There is also evidence of sorghum grain residues found on stone tools and African potato consumption at a site in Mozambique, Africa dating back to 103,000 B.C., and residues of 10 grass seed grains of triticeae – the family of wheat, rye and barley – and legumes in the teeth of Neanderthals in Belgium and Iraq who are believed to have lived 36,000-46,000 years ago.

That being said, the wheat today does not resemble the wheat of our ancestors and should be avoided when possible. Refined grains today are also often fortified with synthetic folic acid, which for people with a slow DHFR enzyme can potentially create cancerous conditions. Many grains are also a high source of polycystic aromatic hydrocarbons – a known carcinogen also in vegetable oils – that have increased due to our environment.

I advise athletes that need more calories and carbohydrates to utilize white rice, organic wheat pasta, rice mochi, oats and organic corn. If a sandwich is the only way to pack an easy lunch, choose sourdough bread that uses a sourdough starter, not bakers yeast.

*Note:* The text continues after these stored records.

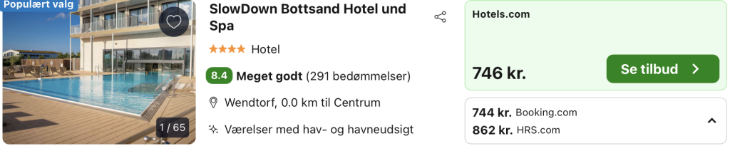 Husk at logge ind / oprette en gratis bruger på trivago samt hos Hotels.com. Derved opnås den bedste pris!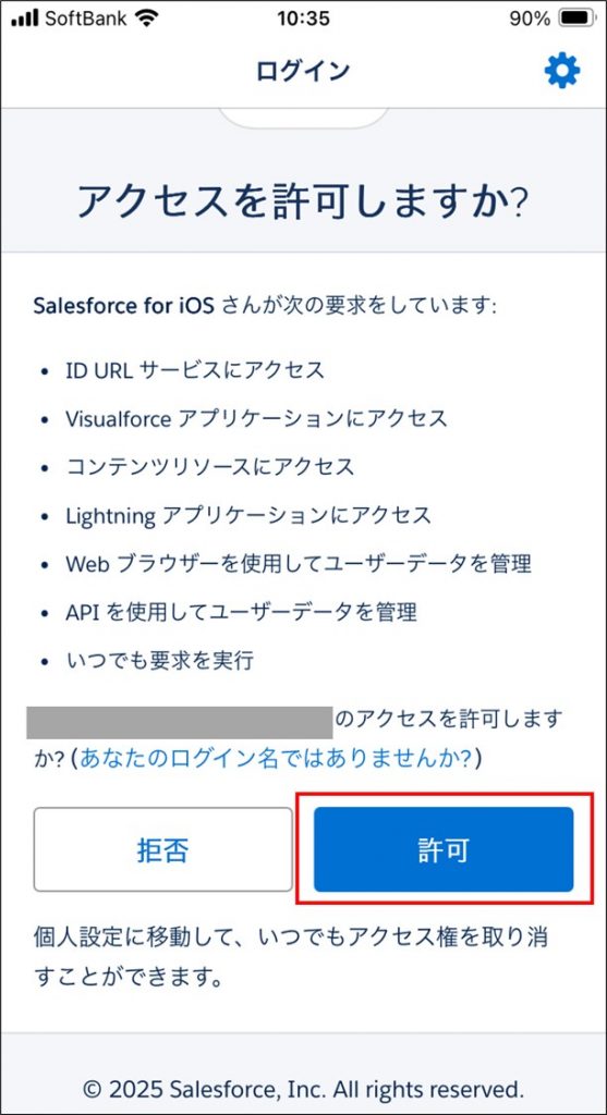 上記画面は、お客様がご利用になるSalesforceモバイルアプリケーションが、お客様ご自身のユーザーアカウント情報(氏名、メールアドレスなど)へ安全にアクセスすることをシステムとして許可するかどうかを確認する重要なステップです。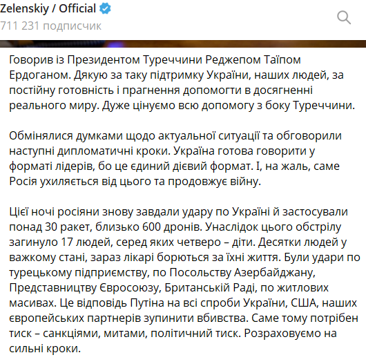 "Були удари по турецькому підприємству, посольству Азербайджану, представництву Євросоюзу, Британській раді, житловим масивам. Це відповідь Путіна на всі спроби України, США, наших європейських партнерів зупинити вбивства. Саме тому потрібен тиск – санкціями, митами, політичний тиск. Розраховуємо на сильні кроки".

Even better, look for sourdough rye that doesn’t use wheat.

How Many Carbohydrates Should I Eat?

Sports 

The number of carbohydrates will vary greatly depending on your sport or activity. Five to ten grams per kg of body weight is a formula often used for serious athletes. An example would be a 70kg male would require 350 to 700 grams of carbohydrates. Power and strength sports will be on the lower end, while endurance sports may fall on the higher end.

If you are like Michael Phelps and training 5 hours a day, 6 days a week, then you will be taking in 12,000 calories and taking a more extreme approach to carbohydrate consumption. I have had athletes that need 5,000-6,000 calories a day. The one constant that stays the same with carbohydrates is increasing glycogen storage before an event, and replenishing glycogen after a workout, game or event. If you are a football player, runner or swimmer, your glycogen storage needs are going to be different than a golfer or baseball player.

General Fitness and Training

For general fitness and training of 3-5 days a week, I recommend 100-200 grams of carbohydrates for men and 75-150 grams for women.

Weight Loss

For weight loss, women should aim roughly for 75 grams of carbohydrates, and men 100 grams. Eliminate all grains and eat your last meal by 6:00 pm at night. These numbers will of course vary based on activity level, height and weight.

Can You Be an Endurance Athlete and Follow a Low-Carbohydrate Diet?

Low carbohydrate diets can work by keeping your body in nutritional ketosis with a high-fat diet. If you are interested in following this track, I would highly recommend reading the book The Art and Science of Low Carbohydrate Performance.

Bonus Mushrooms, Herbs and Spices

There are numerous benefits to mushrooms like oyster, maitake, shiitake, crimini, lion’s mane, white mushrooms, crimini and portobello, and should be included as often as possible. Herbs and spices have been found repeatedly in studies to provide protection against inflammation including ginger, fennel, anise, cumin, caraway, and cardamom.